日本経団連タイムス No.3021 (2010年11月18日)

「ピンチをチャンスに変える〜国と地方の役割」

−東国原宮崎県知事が常任理事会で講演


講演する東国原知事

日本経団連が4日に開催した常任理事会で、宮崎県の東国原英夫知事が、地域経済の活性化に向けた取り組みをテーマに講演した。講演の概要は次のとおり。

■ 口蹄疫の発生と県知事としての限界

今年4月20日に宮崎県都農町の牛に口蹄疫が発生し、8月27日に終息するまでの4カ月以上にわたり、ウイルスという見えない敵と戦った。約29万頭の牛豚を殺処分する前代未聞の災害であったが、内外からの援助もあり、ウイルスを宮崎県の外に出すことなく終息を迎えることができた。

経団連にも、企業マルシェと銘打った宮崎物産展を開催していただくかたちで支援をいただいた。また、来年は九州での経済懇談会を宮崎で開催していただく予定である。こうした協力に感謝申しあげたい。今回の口蹄疫は、ウイルスの感染力が非常に強力であり、牛よりも1000〜2000倍感染しやすいと言われている豚が感染し、2例目の口蹄疫が発生した川南町に家畜が密集していたため、被害が拡大した。

口蹄疫の発生を通じて、危機管理に対する意識が低かったという問題があらわとなった。1951年に制定された家畜伝染病予防法(家伝法)やその指針が実態と乖離していた。4月21日に川南町で発生を確認し、その1週間後に豚への感染を確認した。口蹄疫の潜伏期間は1週間なので、この時点で予防的に殺処分すべきであったが、家伝法の下では、口蹄疫への対応は農林水産省の食料・農業・農村政策審議会家畜衛生部会牛豚等疾病小委員会で対応を検討する必要があり、すぐに全頭殺処分することは認められなかった。殺処分の埋没地も処分した農場内に行わなければならないとされており、現実的ではない。

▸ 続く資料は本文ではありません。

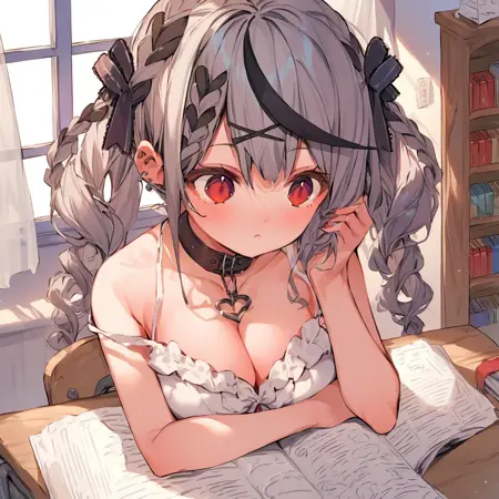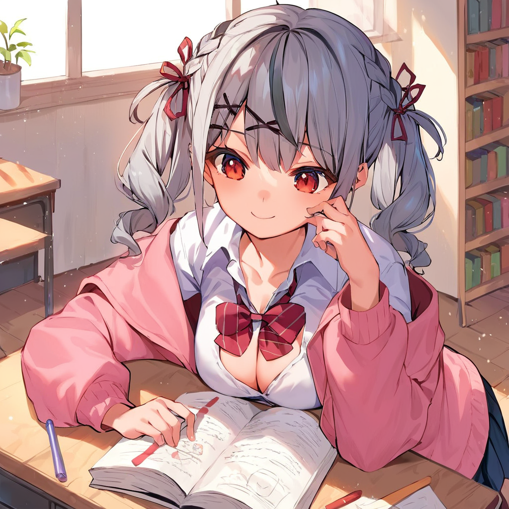 score_9, score_8_up, score_7_up, source_anime,sakamata chloe,sakamata_jk,1girl,gray hair,red eyes ,class room,class,desk,cleavage,breasts,study,braid,twintail lora:Sakamata\_Chloe沙花叉クロヱhololiveVtuber:0.9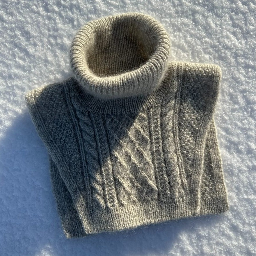 Moby Neck is worked in texture and cable patterns up the back, up and over the shoulders, and down across the front. An opening for the head is worked, where stitches are picked up and knitted along for the turtleneck collar. Moby Neck is shaped like a square at the back and like a trapezoid at the front.

4年前に宮崎県知事に就任した時から国と地方の壁を感じていたが、今回の口蹄疫の発生で、それが決定的となった。ウイルスへの対応は国の役目であるが、宮崎県も「県が責任を持って対応する」と言いきれなかった面もあり、非常にもどかしかった。

私は「ピンチをチャンスに変える」という言葉を大事にしている。今回の大きなピンチも、国と地方の役割分担を変えるチャンスにしたい。

■ 行政の今後の課題

行政は法とマニュアルに基づいて粛々と作業をしようとしすぎるきらいがある。

例えば、宮崎県内で鳥インフルエンザが発生した時に現場を見ようとしても、前例がなかったので一苦労だった。時間の感覚や公費への意識が弱く、「役所の常識は非常識」と感じることもある。これを一つずつ変えてきた。国との関係で言えば、地方分権一括法により、国と地方の法律上の立場は対等となったが、現実はそうではない。そうした点で、県知事としての限界を感じている。

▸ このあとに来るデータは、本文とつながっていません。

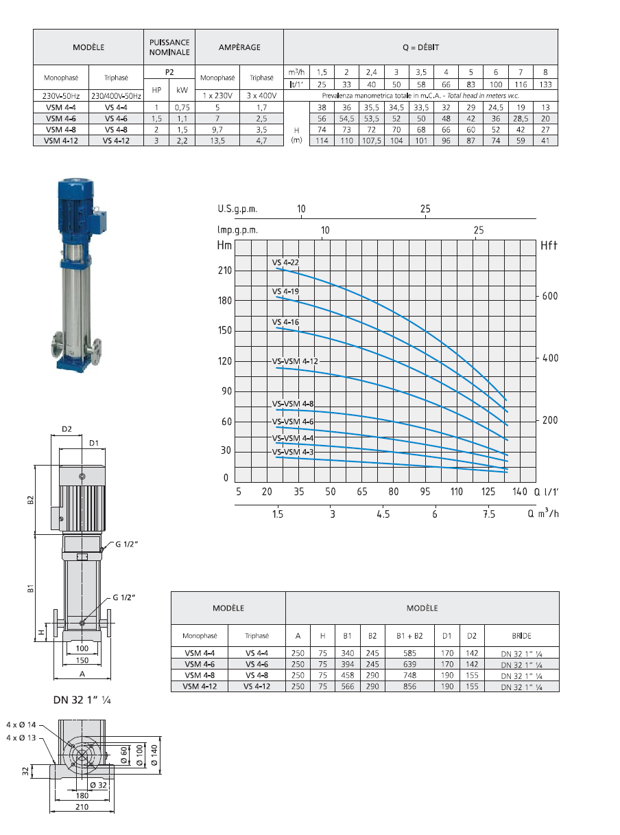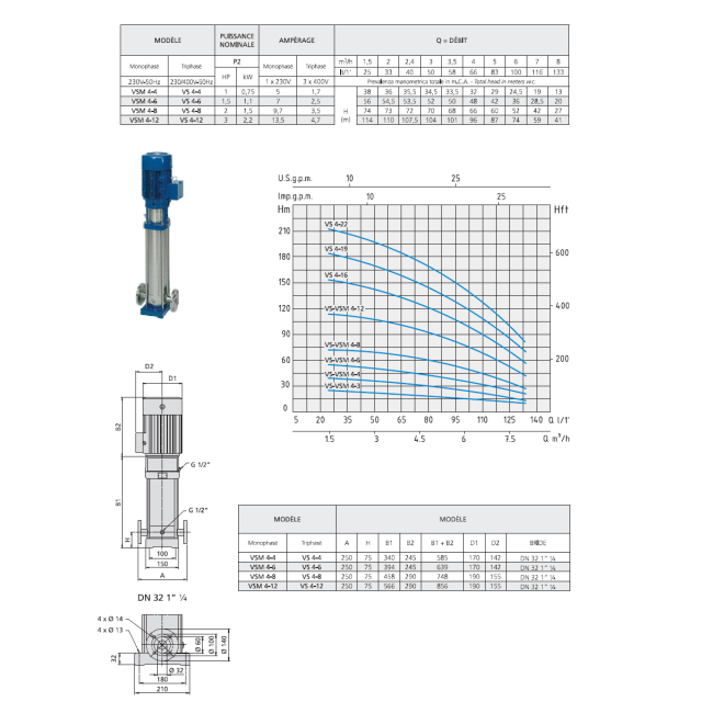 | Référence pompe surface | VSM 4-4, VSM 4-6, VSM 4-8, VSM 4-12, VS 4-12 |

「人口が減少して経済が縮小するなかで、どのように活力を発揮するか」を考えなければいけない。これまでの日本は、外国の文化を輸入して加工することを得意としてきたが、現在の日本は他国よりも少子化、高齢化が進んでおり、まねをする国がない。その際、法人税率を下げることは当たり前のことだが、地方税の減収をどう補うか。また、EPAやFTAの推進は20年前からの課題であり、そのための農業の強化は族議員や官僚任せではいけない。地域を活性化するためには、これまでの行政の意識や制度を変えて、規制を緩和し、新しい発想で課題に取り組まなければならない。